Start of TASK DATA
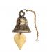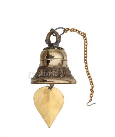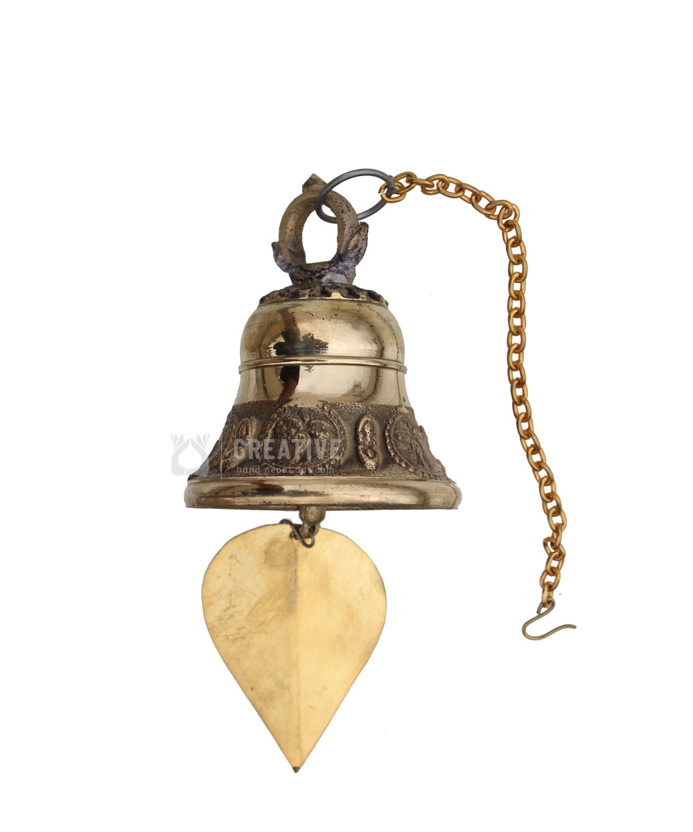 This hanging bell is made of brass in traditional Temple bell design. The sound is light and airy.  It is hanged outdoor window ,door, garden and also hanging indoors as a decorative item. Total Lenght Bell together with brass leaf and chain measures 11.5 inch  in height, Bell is 3.3 inch Tall and 2.7 inch wide (diameter).
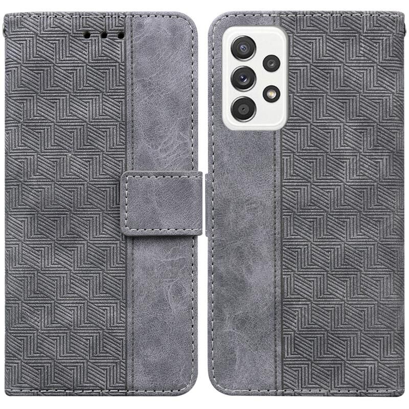 Για Samsung Galaxy A52 4G / 5G Γεωμετρική ανάγλυφη δερμάτινη θήκη τηλεφώνου (γκρι)
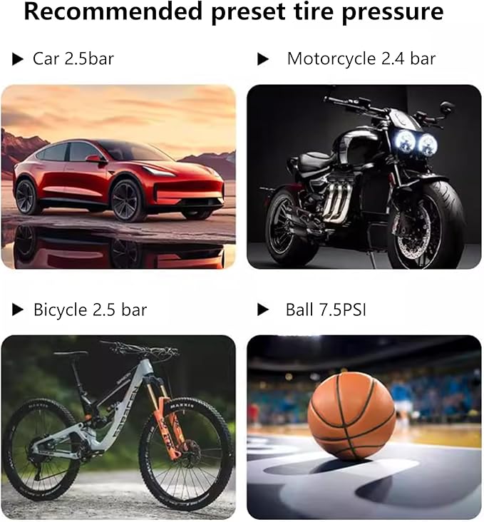 - 💨 Smart Tire Inflator with Auto Stop Built-in air hose and digital tire pressure detection ensure precise inflation. The 19-cylinder 540 motor delivers 22L/min airflow, reaching up to 150PSI. Automatically stops when reaching preset pressure. Includes 5 inflation modes for cars, bikes, balls, and more.
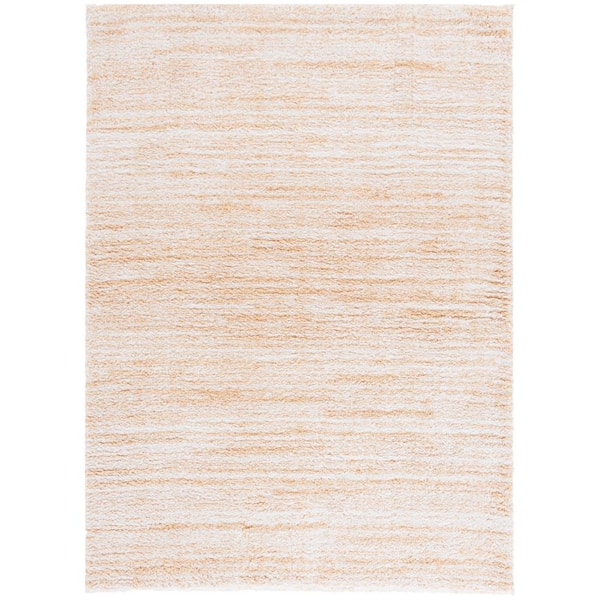 Rumi Shag 9 ft. x 12 ft. Gold/Ivory Abstract Striped Area Rug
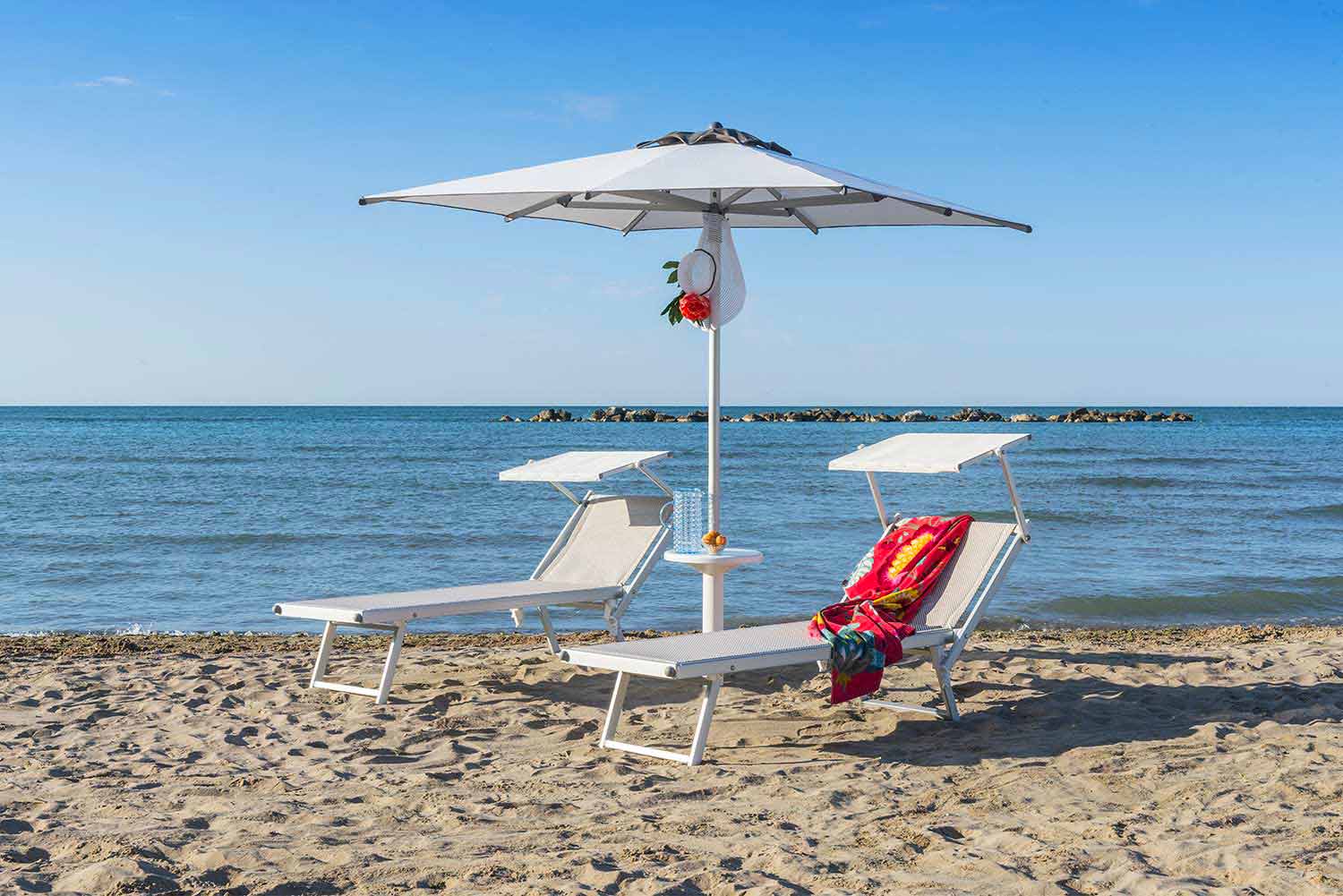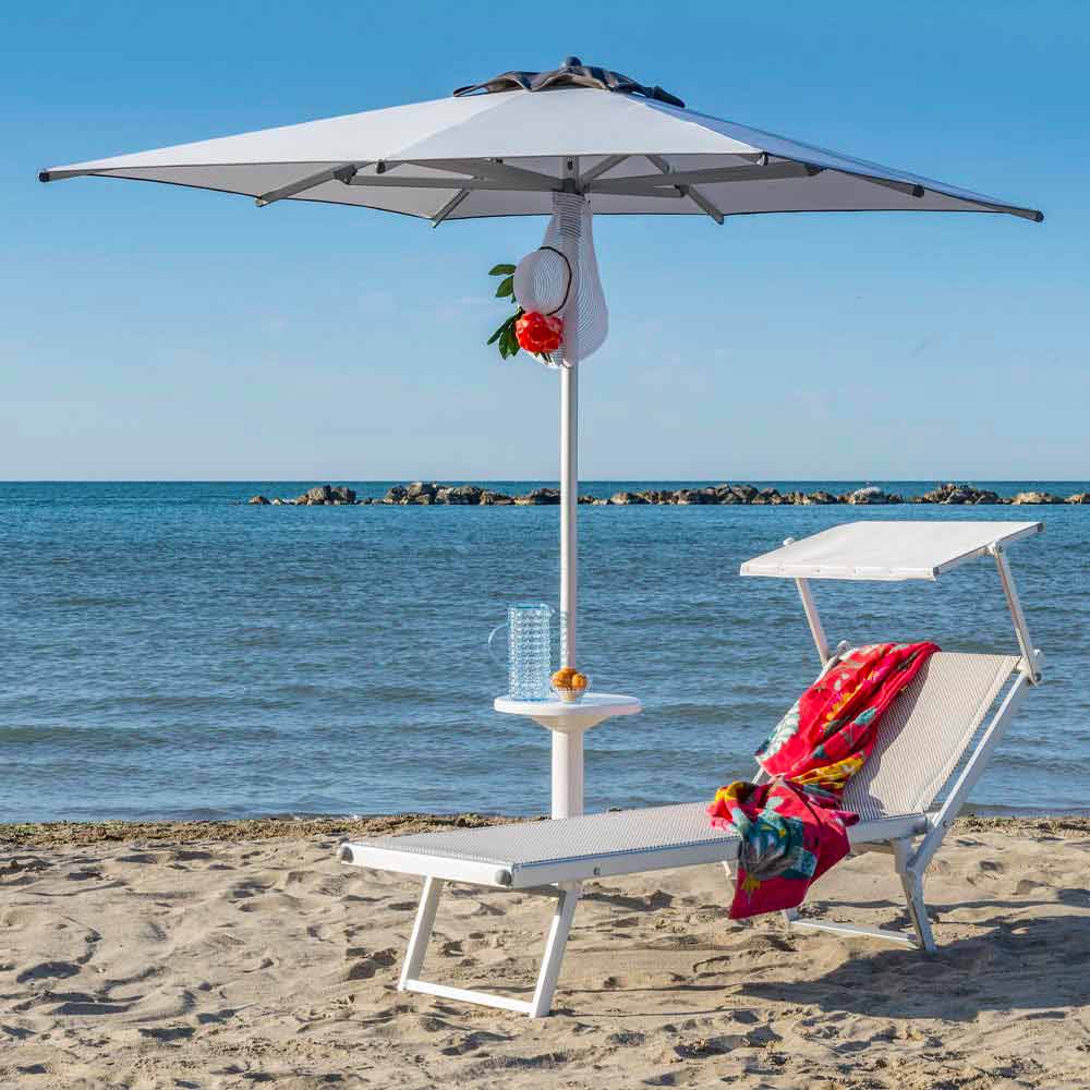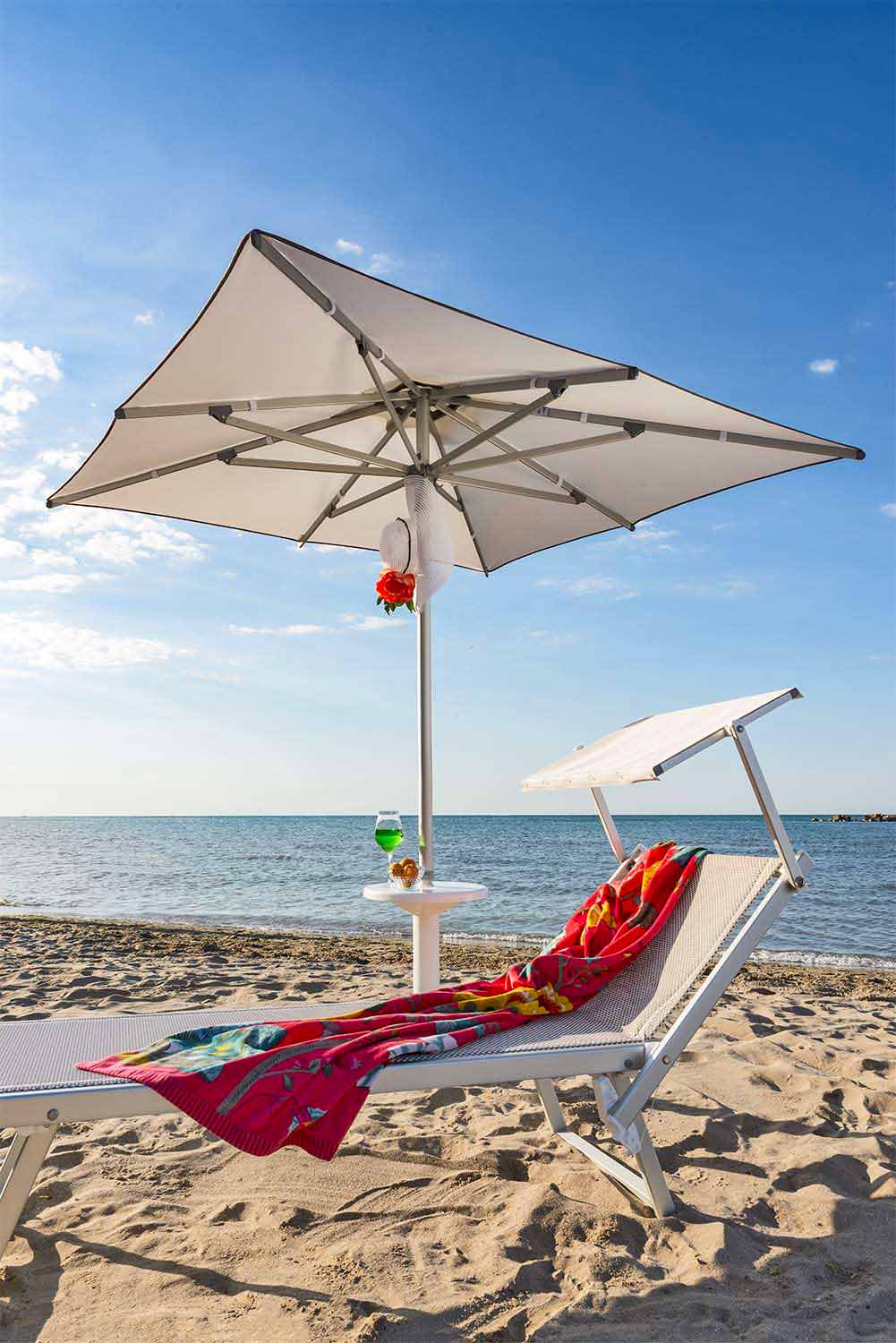 Cadrul este construit in intregime cu 16 microni aluminiu anodizat primar, în timp ce toate piulițele și șuruburile sunt în Aisi 316 din oțel inoxidabil. Prelata și parasolul sunt acoperite cu poliester cu PVC .
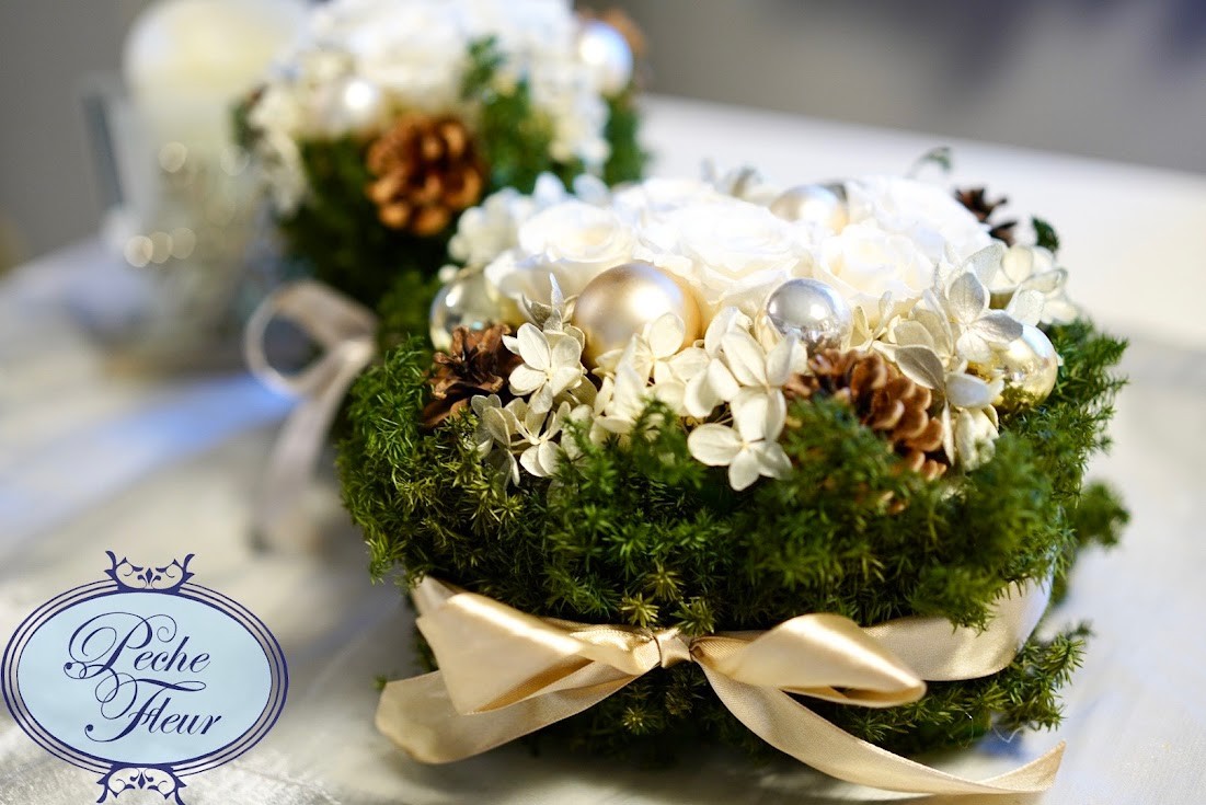 クリスマス、クリスマスアレンジ プリザーブドフラワーのクリスマスアレンジ。お家が華やかに。
End of TASK DATA
▸ **WHAT YOU SHOULD DO**:
Starting at the line that contains "Για Samsung Galaxy", retype each line through the end of the data exactly, and leave out every picture.

▸ **ANSWER TO THE PROBLEM**:
 Για Samsung Galaxy A52 4G / 5G Γεωμετρική ανάγλυφη δερμάτινη θήκη τηλεφώνου (γκρι)
 - 💨 Smart Tire Inflator with Auto Stop Built-in air hose and digital tire pressure detection ensure precise inflation. The 19-cylinder 540 motor delivers 22L/min airflow, reaching up to 150PSI. Automatically stops when reaching preset pressure. Includes 5 inflation modes for cars, bikes, balls, and more.
 Rumi Shag 9 ft. x 12 ft. Gold/Ivory Abstract Striped Area Rug
 Cadrul este construit in intregime cu 16 microni aluminiu anodizat primar, în timp ce toate piulițele și șuruburile sunt în Aisi 316 din oțel inoxidabil. Prelata și parasolul sunt acoperite cu poliester cu PVC .
 クリスマス、クリスマスアレンジ プリザーブドフラワーのクリスマスアレンジ。お家が華やかに。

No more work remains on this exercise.